• **Materials provided**
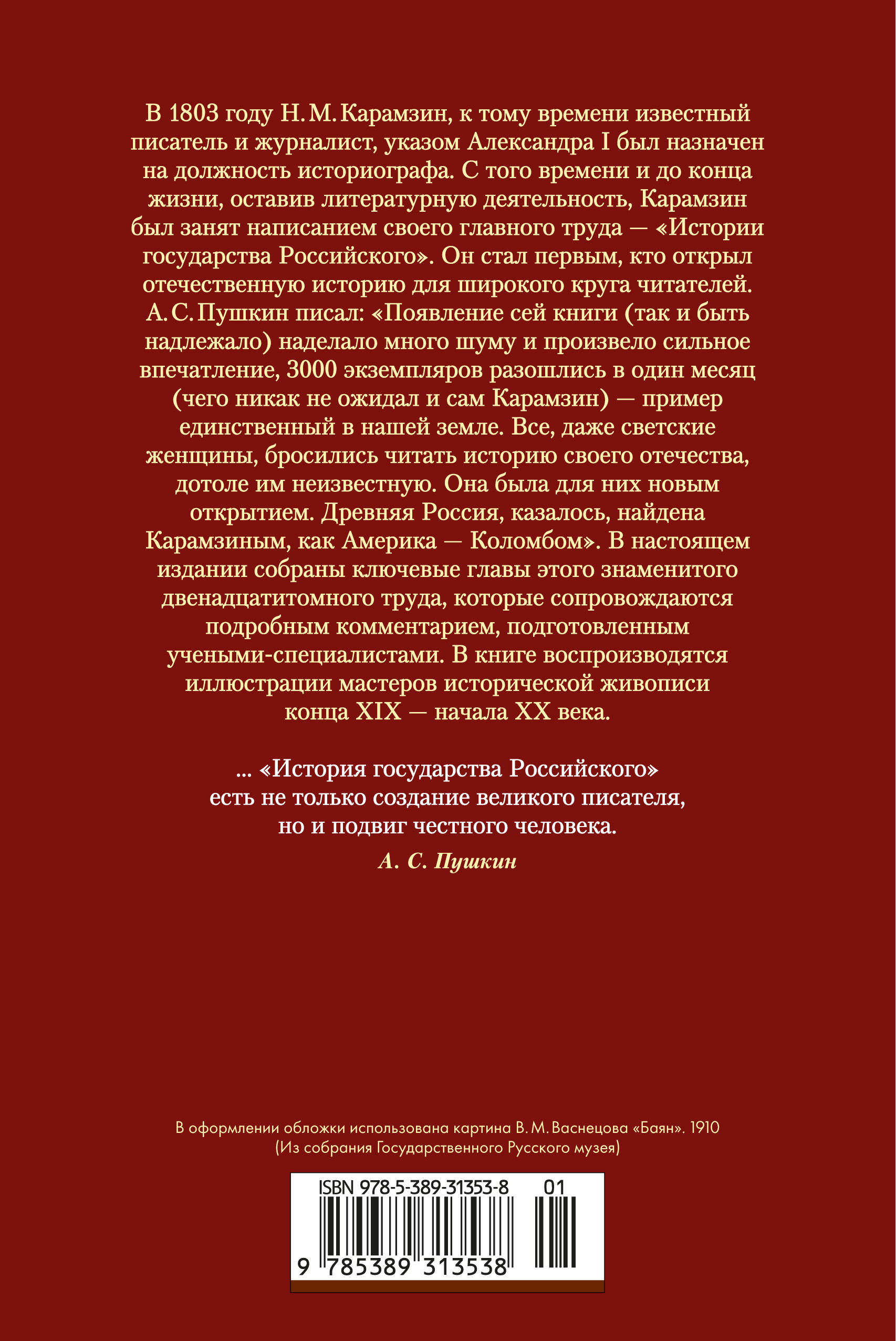 В 1803 году Н. М. Карамзин, к тому времени известный писатель и журналист, указом Александра I был назначен на должность историографа. С того времени и до конца жизни, оставив литературную деятельность, Карамзин был занят написанием своего главного труда — «Истории государства Российского». Он стал первым, кто открыл отечественную историю для широкого круга читателей. А. С. Пушкин писал: «Появление сей книги (так и быть надлежало) наделало много шуму и произвело сильное впечатление, 3000 экземпляров разошлись в один месяц (чего никак не ожидал и сам Карамзин) — пример единственный в нашей земле. Все, даже светские женщины, бросились читать историю своего отечества, дотоле им неизвестную. Она была для них новым открытием. Древняя Россия, казалось, найдена Карамзиным, как Америка — Коломбом». В настоящем издании собраны ключевые главы этого знаменитого двенадцатитомного труда, которые сопровождаются подробным комментарием, подготовленным учеными-специалистами. В книге воспроизводятся иллюстрации мастеров исторической живописи конца XIX — начала XX века.
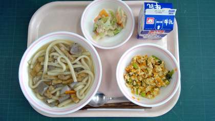 けんちんうどん、ツナマヨサラダ、炒り豆腐、牛乳
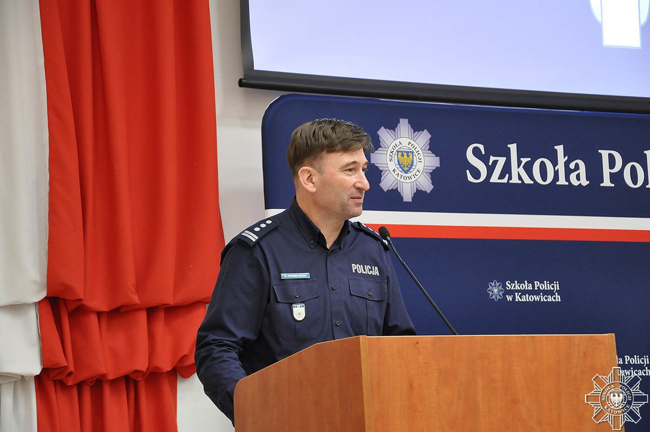 Następnie Komendant Szkoły Policji w Katowicach insp. Rafał Stanisławski złożył zebranym noworoczne życzenia – m.in. pomyślności oraz wielu pozytywnych doświadczeń w życiu zawodowym i osobistym.
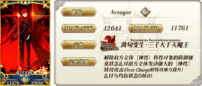 ※在进入灵基再临第3阶段后,「★5(SSR)织田信长」的名字将变为「★5(SSR)魔王信长」。
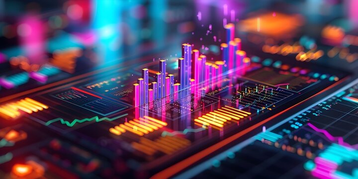 Futuristic Digital Interface Showcasing Vibrant 3D Financial Charts and Growth Projections for Innovative Market Analytics
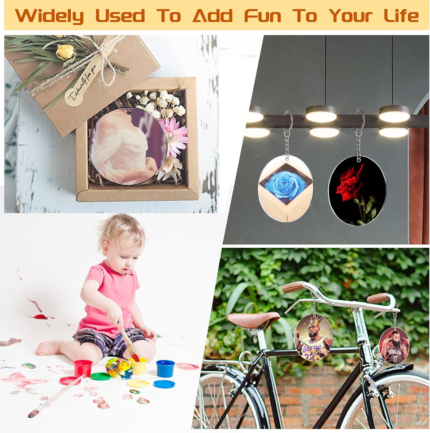 - Round acrylic blank sheets have a wide range of uses, including engraving picture frames, painting, cutting, making wedding and party signs, souvenirs, key chains, coasters, labels, holiday decorations, and many other DIY art and craft projects
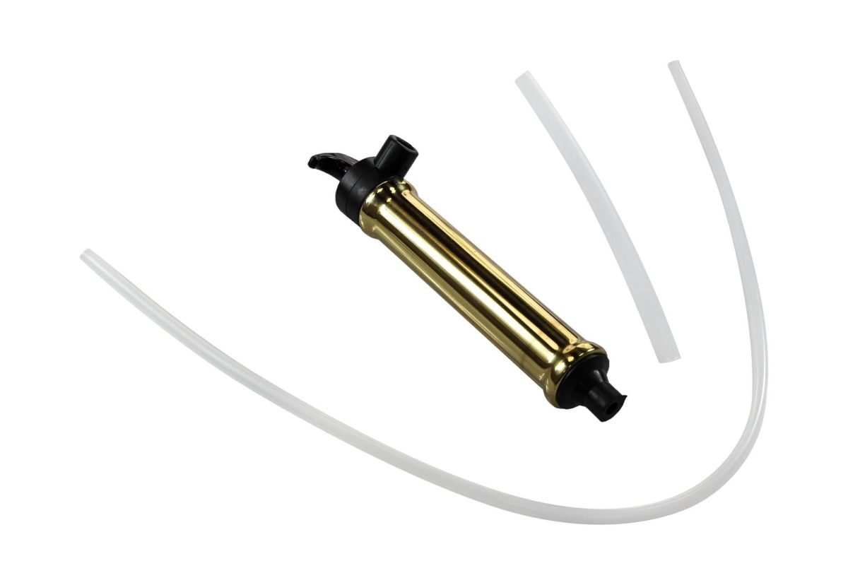 Насос ручной масляный. Предназначен для откачивания масла из картера стационарного мотора или четырехтактного двигателя гидроциклов. Изготовлен из латуни и неопрена. Заборная трубка - диаметр 7 мм, длина 700 мм. Трубка сливная - диаметр 12 мм, длина 250 мм.
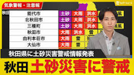 【速報】秋田県に土砂災害警戒情報 発表/土砂災害などの発生に警戒(7日5時25分発表) 【速報】秋田県に土砂災害警戒情報 発表/土砂災害などの発生に警戒(7日5時25分発表). 160 views · 15 minutes ago ...more. ウェザーニュース. 1.46M.
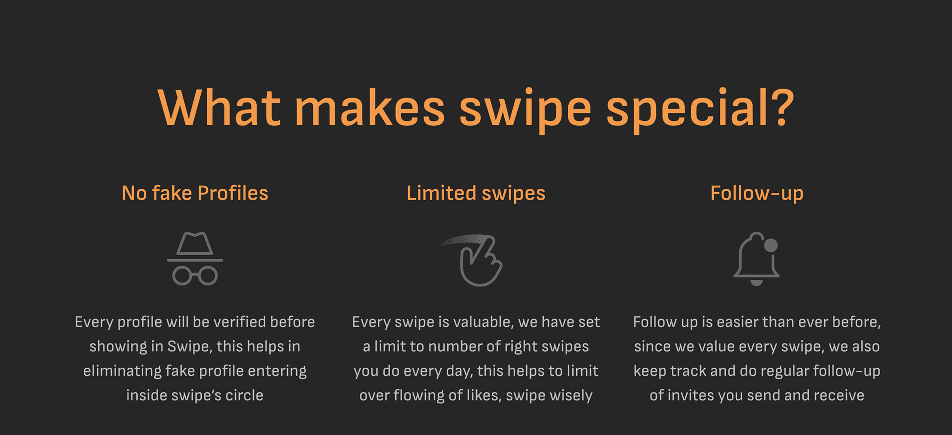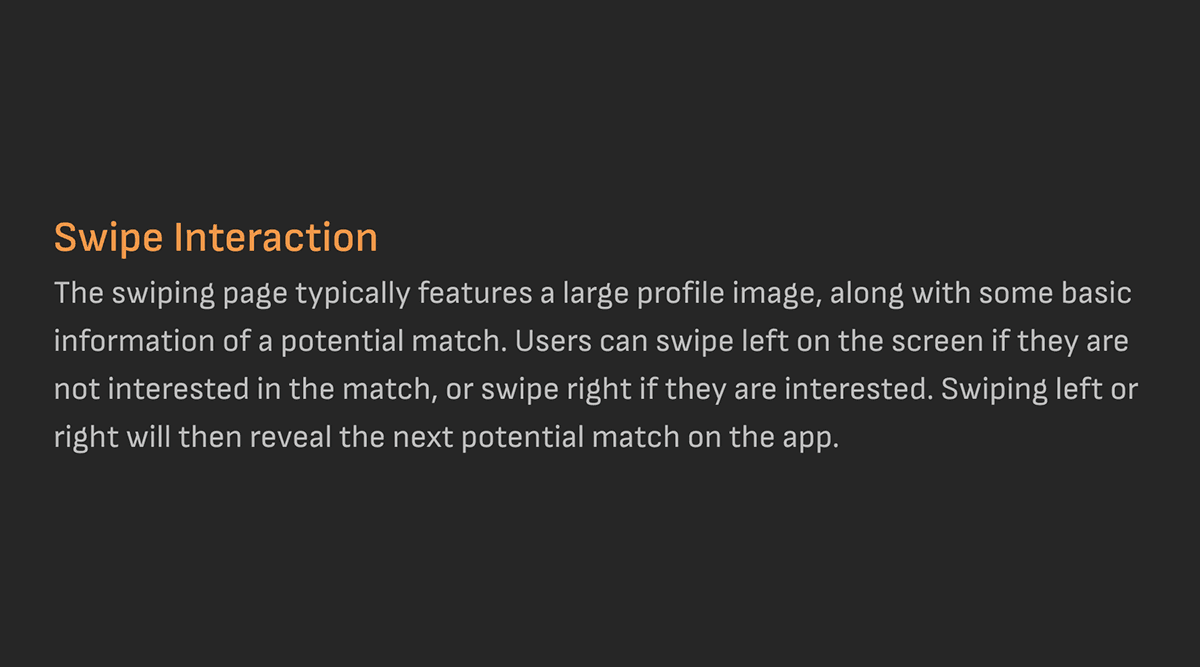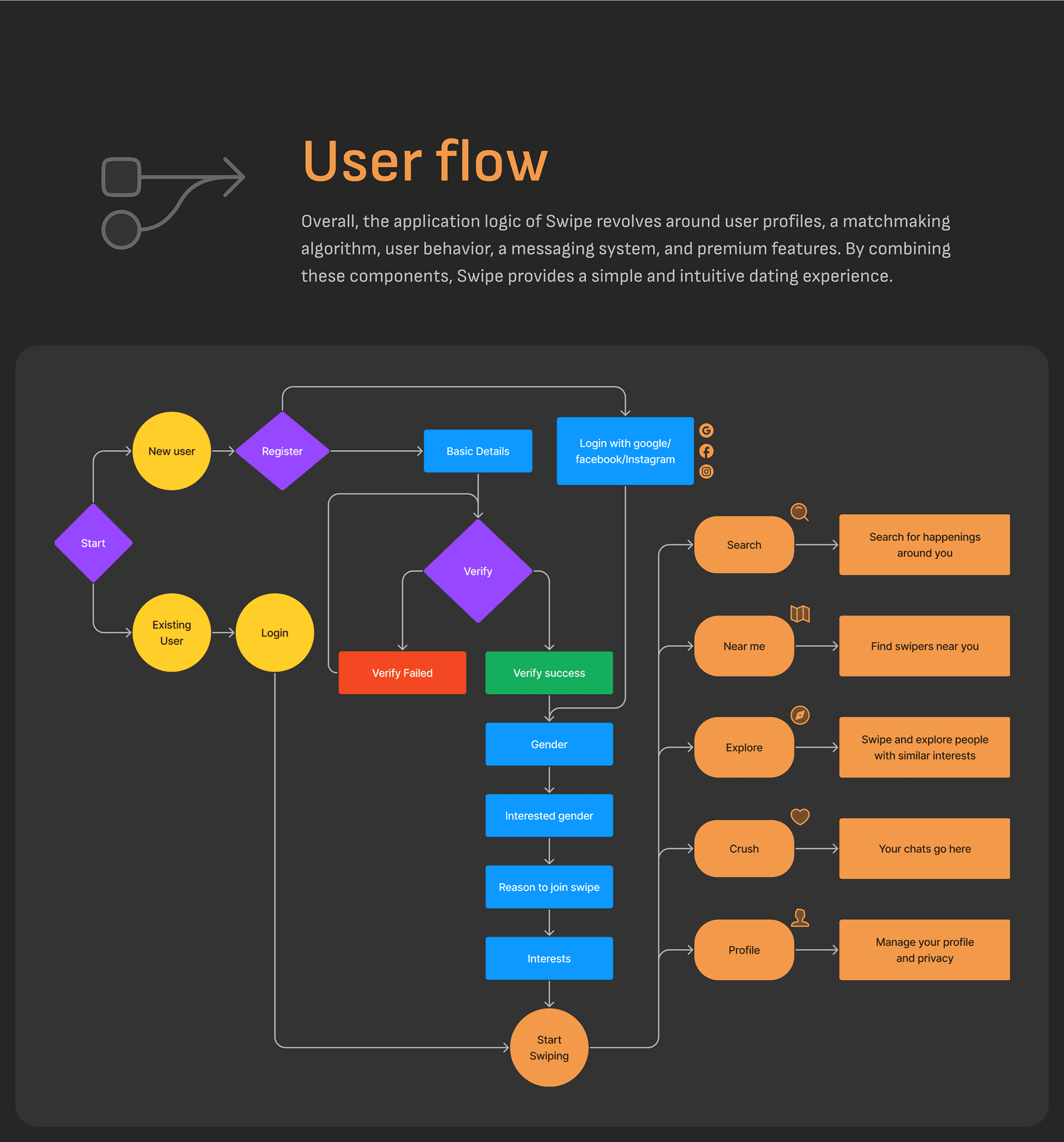 Swipe is a dating app designed to provide user with a simple and enjoyable experience. The app is built on the concept of swiping left or right on potential matches, with a focus on creating meaningful connections.

• **Task directions**
Your reply should hold only the lines running from the one with "ago ...more. ウェザーニュース. 1.46M." to the end of the data above, set down exactly, pictures omitted.

• **Reply**
 【速報】秋田県に土砂災害警戒情報 発表/土砂災害などの発生に警戒(7日5時25分発表) 【速報】秋田県に土砂災害警戒情報 発表/土砂災害などの発生に警戒(7日5時25分発表). 160 views · 15 minutes ago ...more. ウェザーニュース. 1.46M.
 Swipe is a dating app designed to provide user with a simple and enjoyable experience. The app is built on the concept of swiping left or right on potential matches, with a focus on creating meaningful connections.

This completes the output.